Importance of abstraction in embedded design
The ability to disregard information is crucial to the human condition; without this inherent function (a defensive mechanism known as Latent Inhibition) our brains could easily be overwhelmed by sensory stimuli; the inability to do so can even lead to mental disorders.
Evidence shows that abstracting only that information needed to make decisions, from the constant torrent fed to our brains, has been elemental in the evolution of all mammals and the same is true for the evolution of technology.
Abstraction essentially removes detail in favour of a functioning description, and has been necessary and apparent in electronic design since the first digital computer was created in 1946; the ENIAC, commissioned by the US Army. Its development, of course, also marked the first programming language, necessary to convey instructions in order for it to carry out meaningful actions.
Increasing levels of abstraction follow the trend of greater design complexity.
Higher levels of abstraction are apparent throughout the industry; machine code can be described in assembly code, which can be written in C and can be specified in plain English, for example. With each level of abstraction it becomes necessary to develop a translation layer; an automated and repeatable method for moving between higher and lower levels of abstraction until, eventually, the concept is rendered in terms that can be executed or implemented.

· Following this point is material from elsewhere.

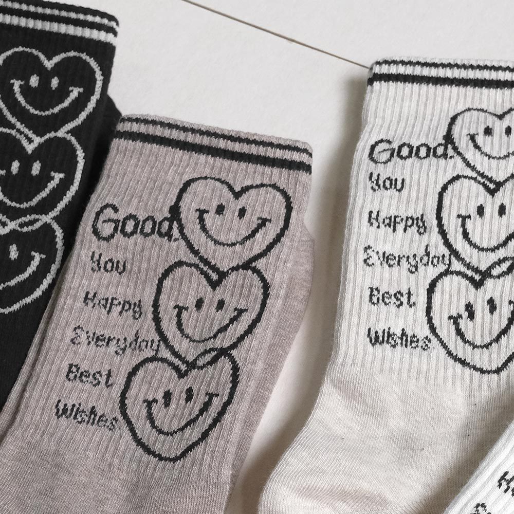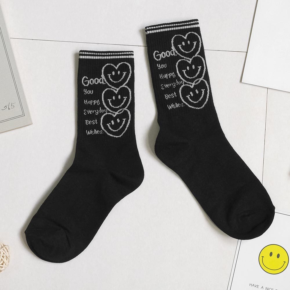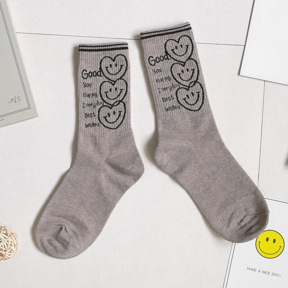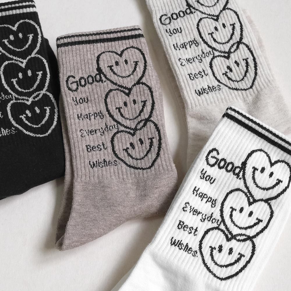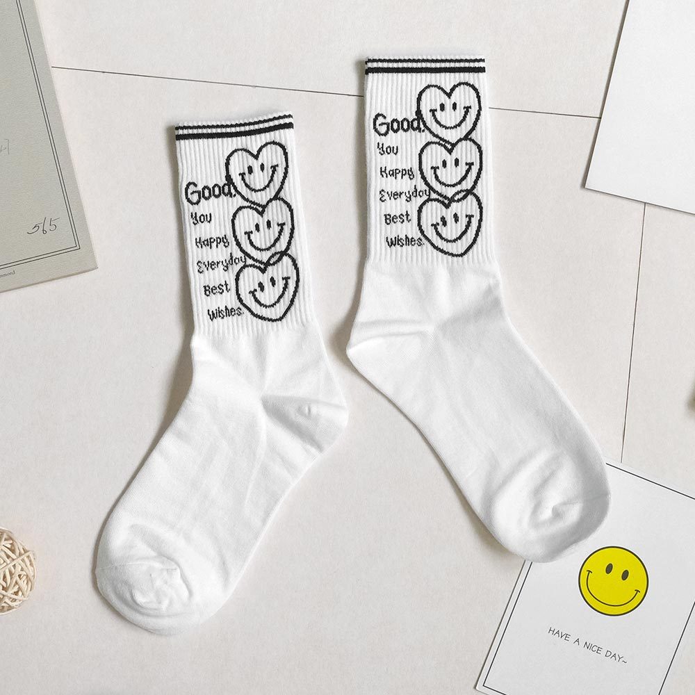 AHUA阿華有事嗎 最好的祝福三個微笑愛心中長筒襪 K2186 正韓襪子 百搭純棉襪 韓妞必備 少女襪白底|米白底|咖啡底|黑底SocksAHUA 韓國襪子品牌旗艦店

As abstraction is intended to increase productivity and efficiency when describing and implementing a concept, it is imperative that the languages used at each abstraction layer are comprehensive yet simpler than any subordinate level.
Arguably, the translation stages between levels may introduce misinterpretation of the original concept, invoking features not intended when describing the concept at the highest level of abstraction; it can be shown that a compiled C program may be less efficient than the same program written in assembly code, for instance, but writing in C offers much higher productivity.
This illustrates the trade-off often present when adopting a higher level of abstraction. Moving from concept to execution without misinterpretation or loss of performance can be achieved by preserving a seamless path through those levels of abstraction, ideally using a single tool chain.
Just as C is universally used for developing software, hardware description languages such as Verilog and VHDL provide a higher level of abstraction when developing ICs. Efforts to raise abstraction even higher and remove the differentiation between hardware and software — at least at a very high level — continue in the hope that it will expedite system design. Increasingly, those systems are intended to reside on a single piece of silicon; a system-on-chip (SoC).
Developing a tool chain that targets SoC design and encompasses both hardware and software development at a high level of abstraction is becoming imperative in order to continue to meet demand for greater productivity and design efficiency.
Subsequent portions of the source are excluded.